*** Begin section ***

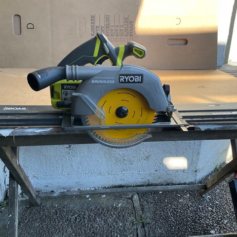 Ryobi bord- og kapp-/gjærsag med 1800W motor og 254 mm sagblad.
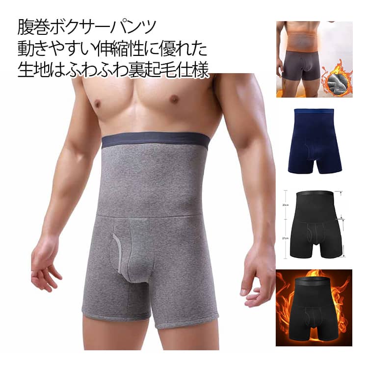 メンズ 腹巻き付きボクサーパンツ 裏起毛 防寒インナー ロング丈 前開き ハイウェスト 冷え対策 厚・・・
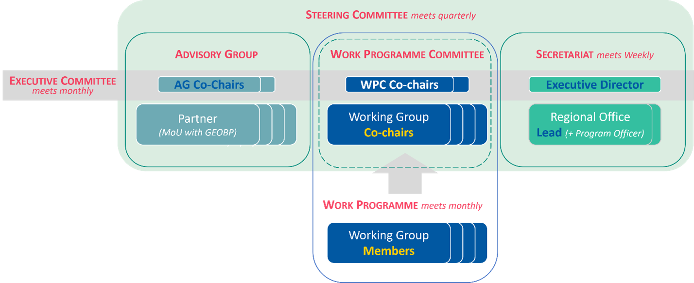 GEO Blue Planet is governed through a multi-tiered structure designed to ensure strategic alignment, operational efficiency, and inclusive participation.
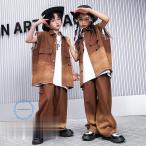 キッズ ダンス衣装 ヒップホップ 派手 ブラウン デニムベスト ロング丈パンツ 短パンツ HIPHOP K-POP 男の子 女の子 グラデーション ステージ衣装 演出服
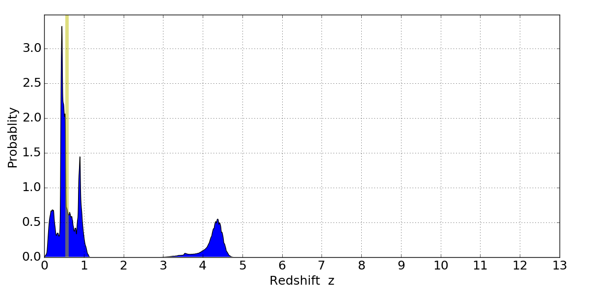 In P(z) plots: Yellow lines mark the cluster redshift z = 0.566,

*** End section ***
*** Begin section ***

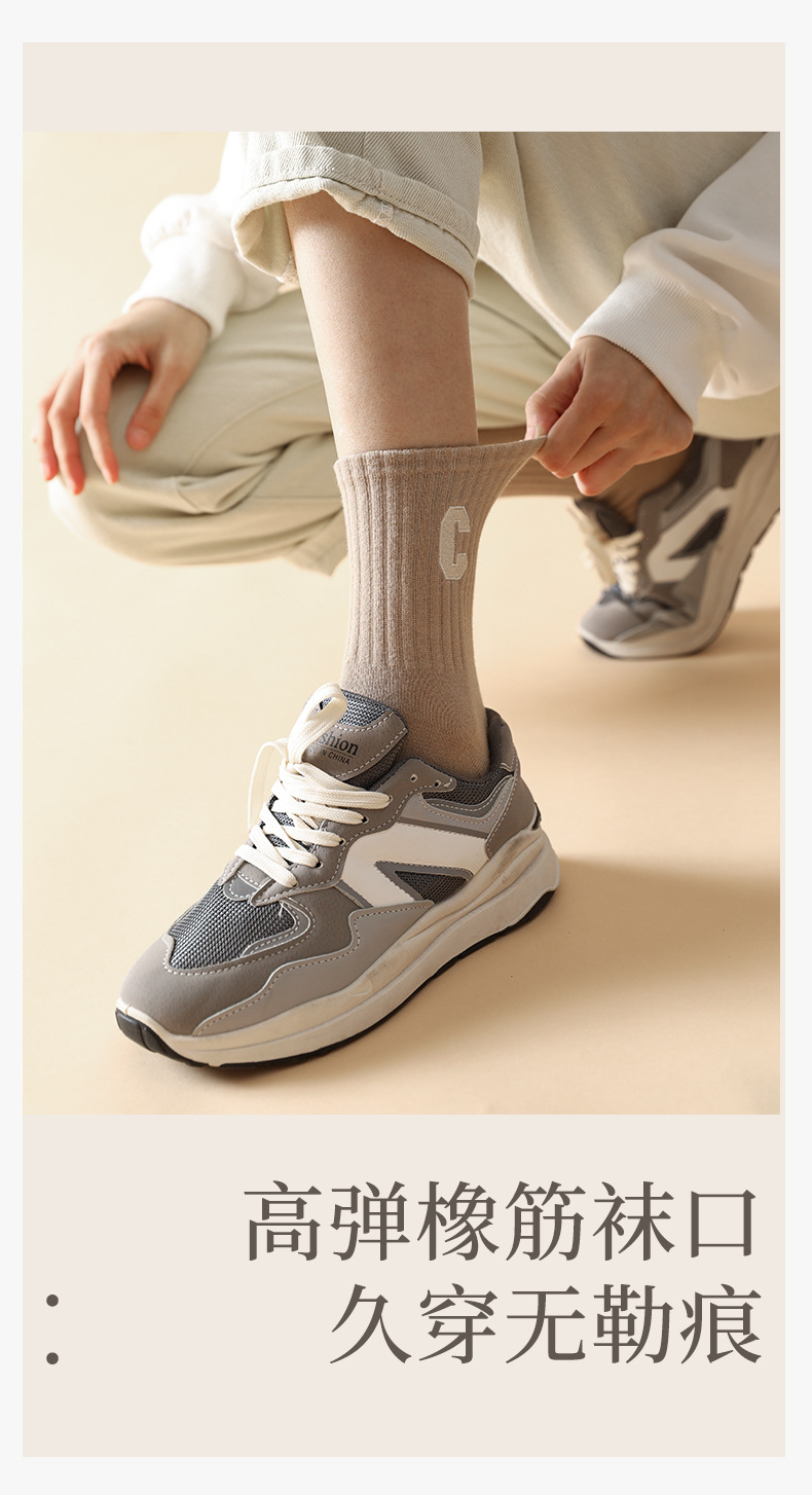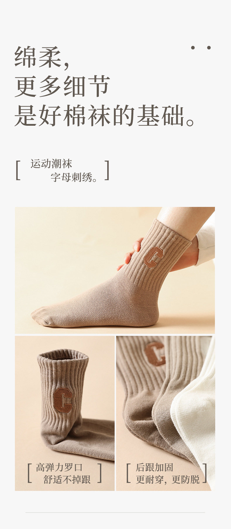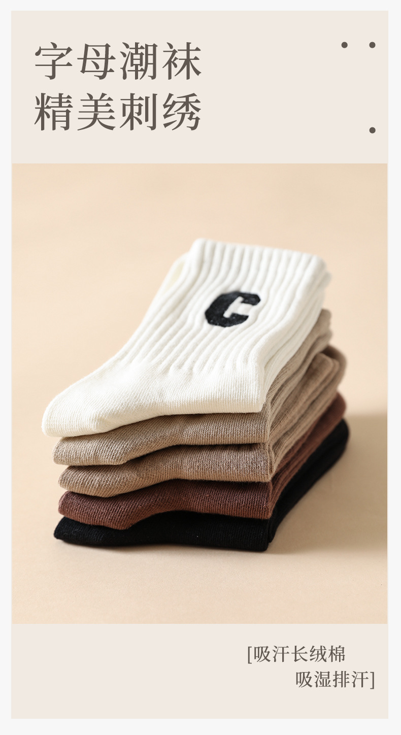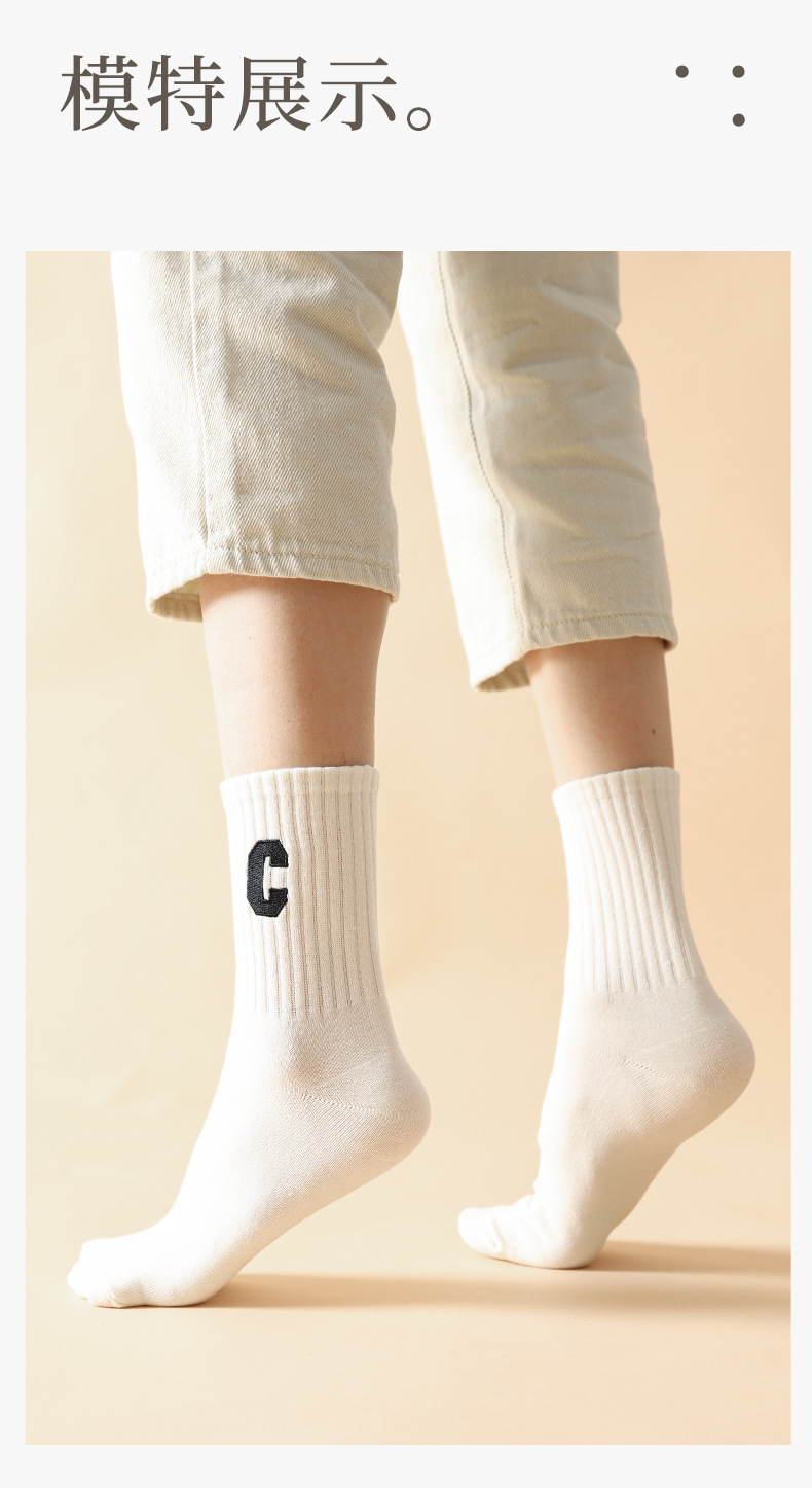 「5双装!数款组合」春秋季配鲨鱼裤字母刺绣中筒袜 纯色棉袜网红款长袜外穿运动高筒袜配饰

*** End section ***
*** Begin section ***

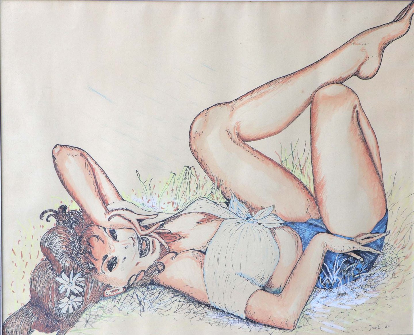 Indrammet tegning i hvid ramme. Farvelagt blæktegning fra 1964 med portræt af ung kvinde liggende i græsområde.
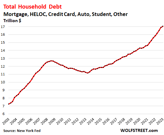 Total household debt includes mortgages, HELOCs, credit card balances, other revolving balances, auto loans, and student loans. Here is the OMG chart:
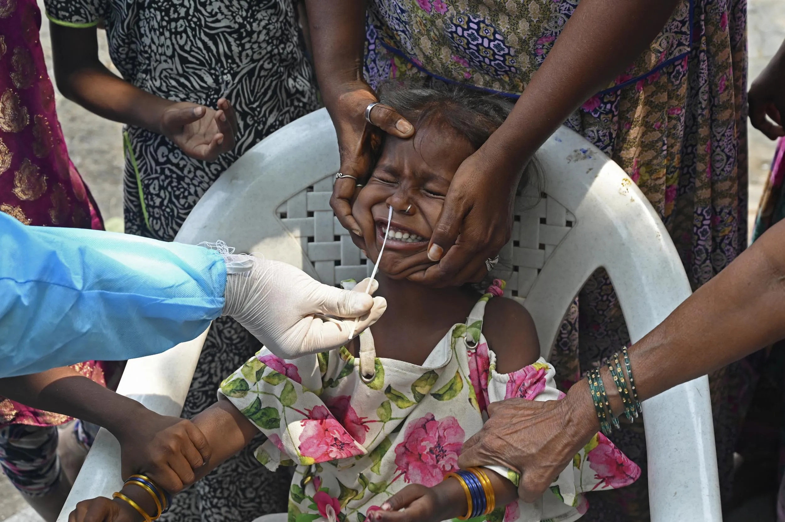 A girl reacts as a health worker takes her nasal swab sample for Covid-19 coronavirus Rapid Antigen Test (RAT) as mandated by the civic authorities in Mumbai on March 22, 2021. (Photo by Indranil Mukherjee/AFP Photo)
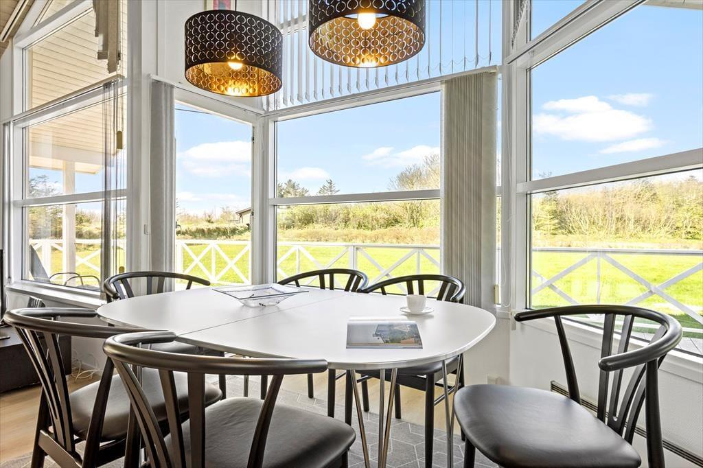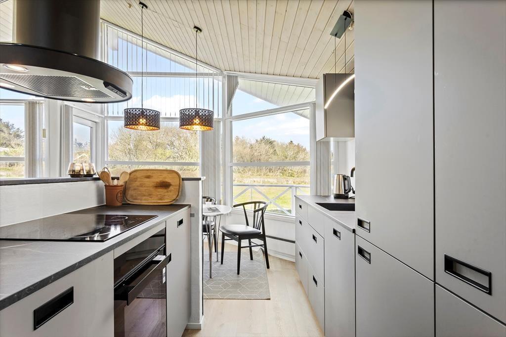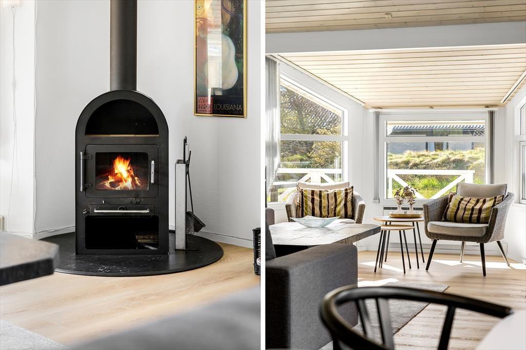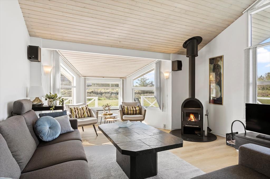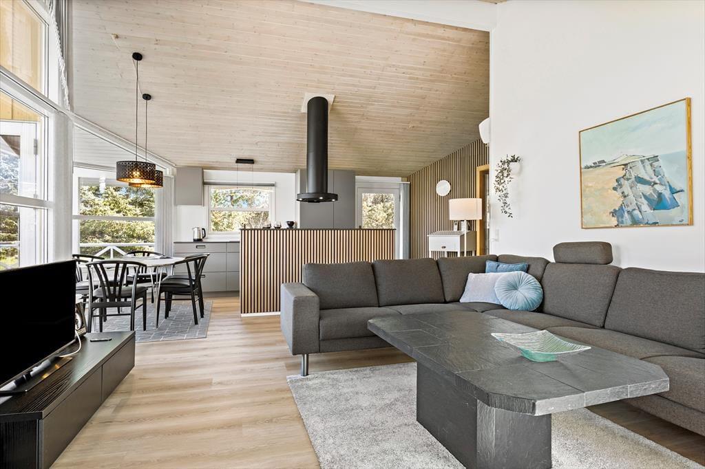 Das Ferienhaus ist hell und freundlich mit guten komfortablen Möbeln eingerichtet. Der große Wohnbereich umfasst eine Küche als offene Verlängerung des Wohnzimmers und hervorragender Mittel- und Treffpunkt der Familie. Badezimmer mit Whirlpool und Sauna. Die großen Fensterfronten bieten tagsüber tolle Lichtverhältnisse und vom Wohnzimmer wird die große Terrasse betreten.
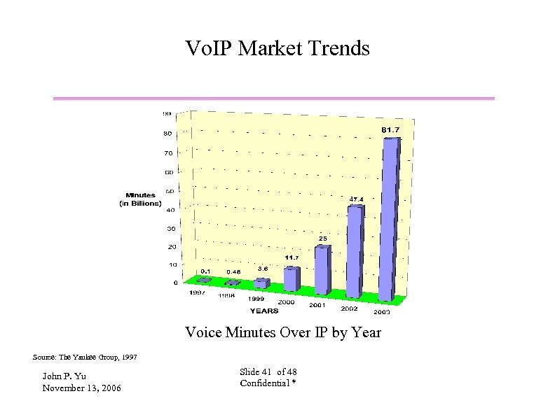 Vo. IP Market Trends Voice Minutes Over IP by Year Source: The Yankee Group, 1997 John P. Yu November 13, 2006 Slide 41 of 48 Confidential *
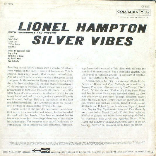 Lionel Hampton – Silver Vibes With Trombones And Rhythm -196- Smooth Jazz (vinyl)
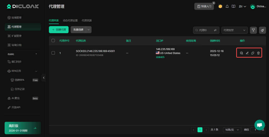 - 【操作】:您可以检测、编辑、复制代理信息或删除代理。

*** End section ***

## WHAT TO DO:
Starting from the line with "Lionel Hampton –" in the records above, repeat each line exactly until you have written the line with "- 【操作】:您可以检测、编辑、复制代理信息或删除代理。", then stop; drop the pictures.

## COMPLETED TASK:
 Lionel Hampton – Silver Vibes With Trombones And Rhythm -196- Smooth Jazz (vinyl)
 - 【操作】:您可以检测、编辑、复制代理信息或删除代理。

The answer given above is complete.